Se por um lado os pacientes encontram dificuldade em realizar um procedimento oncológico pelo SUS no Hospital Escola Álvaro Alvim, por outro, acham facilidade, caso este mesmo procedimento seja pago. Foi o que denunciou a garçonete Ana Cláudia Pereira Nunes, 45 anos, que, após meses de espera, viu o câncer de mama se agravar e acometer parte do pulmão. Para agilizar o tratamento, a opção dada a Ana Cláudia na unidade hospitalar foi pagar R$ 700 em uma biópsia pelo atendimento social, já que pelo SUS não tinha sequer uma previsão de data para o exame.

Em julho do ano passado, a garçonete detectou um caroço no seio direito durante o banho. Em setembro, após notar uma secreção saindo do mesmo seio, buscou auxílio no posto de Saúde do Jockey, bairro onde mora. Após o resultado da mamografia, foi encaminhada em regime de urgência para o Hospital Escola Álvaro Alvim, onde deveria ser realizada uma biopsia para descobrir se o tumor era maligno ou não.

“Fui atendida pelo Álvaro Alvim e o médico me encaminhou ao núcleo de assistência social do hospital, onde me informaram que não tinham nem previsão para que a biópsia fosse realizada. Eu afirmei que meu caso era urgente, como o médico me informou, mas a assistente social me disse que, assim como eu, muitos pacientes foram encaminhados com recomendação de urgência”, denunciou Ana Cláudia.

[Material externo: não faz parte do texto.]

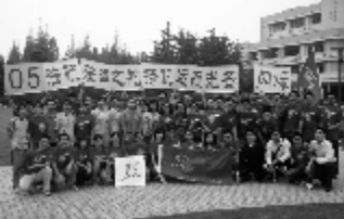
05法硕：扬帆远航光芒闪烁

05级法硕班深入安徽农村，进行主题为“社会主义新农村基层民主建设案例研究”的暑期调研并获佳绩。同学们搜集调研资料，亲身体验基层民主运作，分析推动农村民主建设。调研小组还代表复旦大学法学院与当地签订了《社会实践基地共建协议
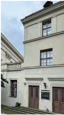
Das Gemeindehaus in der Badstraße 50

Wie bereits berichtet, wollen wir einige Dinge entrümpeln, bevor der Umbau der Küsterei in St. Paul beginnen kann. Das heißt: viele Sachen müssen auf den Hof getragen werden. Schränke umgesetzt und wieder eingeräumt werden. Dafür brauchen wir starke Arme und gesunde Rücken. Wer Zeit und Kraft hat, ist herzlich willkommen. Wir würden uns über Ihren Einsatz sehr freuen!
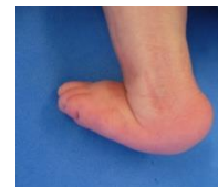
Le Pied Convexe
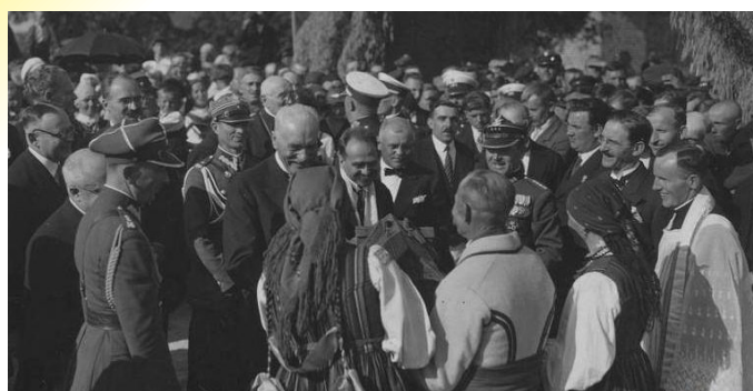
Powitanie Pana Prezydenta Ignacego Mościckiego podczas otwarcia Domu Ludowego w Królowej Woli

Diante de tamanha dificuldade para marcar uma biópsia, os colegas do trabalho da garçonete resolveram fazer uma rifa para levantar o dinheiro do exame. Por pura sorte, em dezembro de 2017, uma assistente social esteva na lanchonete onde Ana Cláudia trabalha e, quando a garçonete ofereceu a rifa, foi informada pela cliente que poderia buscar auxílio no Hospital Dr. Beda. A primeira consulta no Dr. Beda foi marcada em seguida.

“Eu não tinha R$ 700 para a biópsia e não poderia começar qualquer tratamento sem este exame. Nesta demora do Álvaro Alvin, o câncer avançou e hoje já se espalhou para o pulmão. Assim que a cliente me alertou, eu fui ao Hospital Dr. Beda, onde realizei a biópsia e uma série de exames. Há três semanas comecei a quimioterapia”, disse Ana Cláudia.